Negociações entre EUA e Irã avançam na Suíça, mas conflito no Líbano segue como obstáculo

Representantes dos Estados Unidos e do Irã se reuniram neste domingo (21), na Suíça, para a primeira rodada de negociações após a assinatura de um memorando de entendimento que busca estabelecer um acordo de paz abrangente para o Oriente Médio. O encontro aconteceu em um momento de forte tensão regional, marcado pela escalada do conflito entre Israel e o Hezbollah no Líbano.

A reunião teve duração de cerca de 80 minutos e abordou temas considerados centrais para a implementação do memorando, incluindo segurança regional, sanções econômicas e estabilidade no Golfo.

Irã condiciona acordo ao fim dos conflitos regionais

Durante as conversações, a delegação iraniana destacou que qualquer avanço rumo a um acordo definitivo dependerá da interrupção das hostilidades em todas as frentes de conflito da região, especialmente no Líbano. Segundo o porta-voz do Ministério das Relações Exteriores do Irã, Esmaeil Baqaei, o objetivo do encontro foi discutir mecanismos para colocar em prática os compromissos assumidos no memorando.

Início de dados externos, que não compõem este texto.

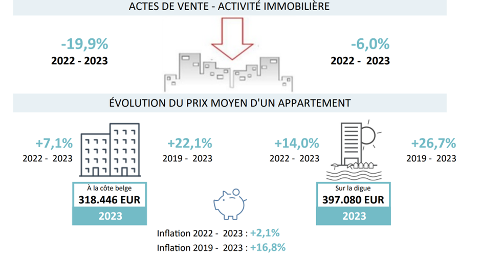 L’activité immobilière à la côte a subi un ralentissement en 2023 avec une diminution des actes de vente de -19,9%, un chiffre à mettre en parallèle avec la diminution des actes de vente en Flandre en 2023 : – 16,9% (-15,2% au niveau national). L’activité immobilière (en résumé tous les biens immobiliers qui ont changé de main suite à une vente mais également une donation, une succession,…) est aussi à la baisse à la côte : -6%
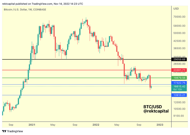 与此同时,交易员和分析师 Rekt Capital 警告称,由于每周收盘价是比特币两年来的最低点,支撑阻力正在发生反转。
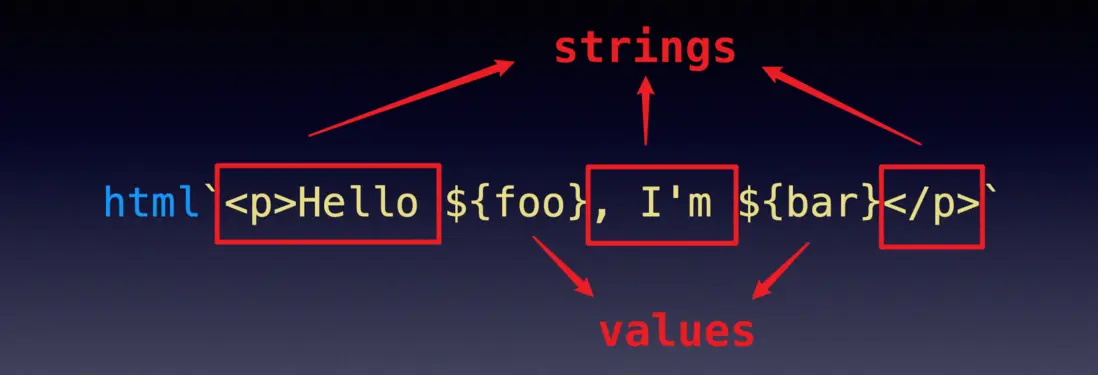 整個字符串會被動態的表達式進行切割成三部分,這個三個部分會組成一個數組,做為第一個參數傳入 html 標籤函數,而動態的表達式經過計算後得到的值會做為後面的參數一次傳入,我們可以將 strings 和 values 打印出來看看:
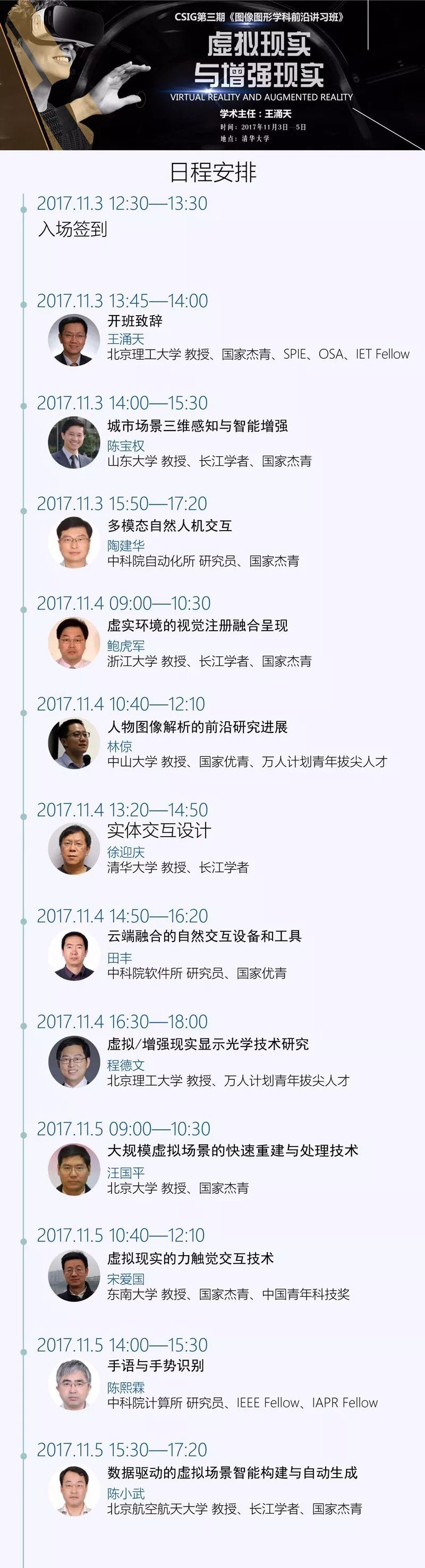2017年11月3日至5日,中国图象图形学学会将围绕“虚拟现实和增强现实”这一主题,在清华大学举办第三期“CSIG图像图形学科前沿讲习班”(Advanced Lectures on Image and Graphics,简称IGAL)。本期讲习班由北京理工大学混合现实与新型显示工程中心主任王涌天教授担任学术主任,邀请了国内虚拟现实与增强现实最顶尖的专家、学者,使学员在了解学科行业热点、提高学术水平的同时,增加与虚拟现实和增强现实顶尖学者之间的学术交流。

O governo iraniano argumenta que não há condições para avançar nas negociações finais enquanto persistirem operações militares na região.

A posição foi reforçada após novos ataques israelenses ao território libanês no sábado (20). Em resposta, o Irã anunciou o fechamento do Estreito de Ormuz, rota estratégica para o transporte global de petróleo, contrariando os termos do memorando que previam a manutenção da livre navegação por 60 dias.

Sanções e exportação de petróleo também estiveram na pauta

Outro tema discutido entre os dois países foi a flexibilização das sanções econômicas impostas pelos Estados Unidos ao Irã. De acordo com Baqaei, as delegações trataram de possíveis isenções para a exportação de petróleo iraniano, atualmente limitada pelas restrições norte-americanas. Também foram debatidas alternativas para a liberação de recursos financeiros iranianos bloqueados no exterior.

Enquanto as negociações aconteciam na Suíça, o presidente dos Estados Unidos, Donald Trump, elevou o tom ao responsabilizar o Hezbollah pela deterioração da situação no Líbano. Em declaração pública, Trump afirmou que o Irã deve conter a atuação do grupo libanês e advertiu que poderá ordenar novos ataques contra o país caso considere necessário.

A reação iraniana veio rapidamente. O presidente do Parlamento do Irã, MB Ghalibaf, que participa das negociações, declarou que Teerã não se intimida diante das ameaças e afirmou que as Forças Armadas iranianas estão preparadas para responder a qualquer ação militar.

EUA demonstram otimismo com diálogo diplomático

Apesar das declarações mais duras de Trump, integrantes da delegação norte-americana demonstraram confiança no processo diplomático. O vice-presidente dos Estados Unidos, JD Vance, que lidera as negociações em nome da Casa Branca, afirmou que houve avanços significativos nos últimos dias. Segundo ele, o governo americano busca construir uma nova fase de relacionamento com o povo iraniano e acredita na diplomacia como ferramenta para reduzir as tensões no Oriente Médio.

Enquanto o Irã pressiona Washington a influenciar Israel para encerrar suas operações militares, o governo israelense reafirmou que pretende manter tropas no sul do Líbano. O ministro da Defesa de Israel, Israel Katz, declarou que as forças israelenses continuarão atuando na chamada zona de segurança e terão liberdade para realizar ações contra ameaças consideradas relevantes para a segurança nacional. A declaração reforça o posicionamento já defendido pelo primeiro-ministro Benjamin Netanyahu de que não haverá retirada das tropas israelenses da região neste momento.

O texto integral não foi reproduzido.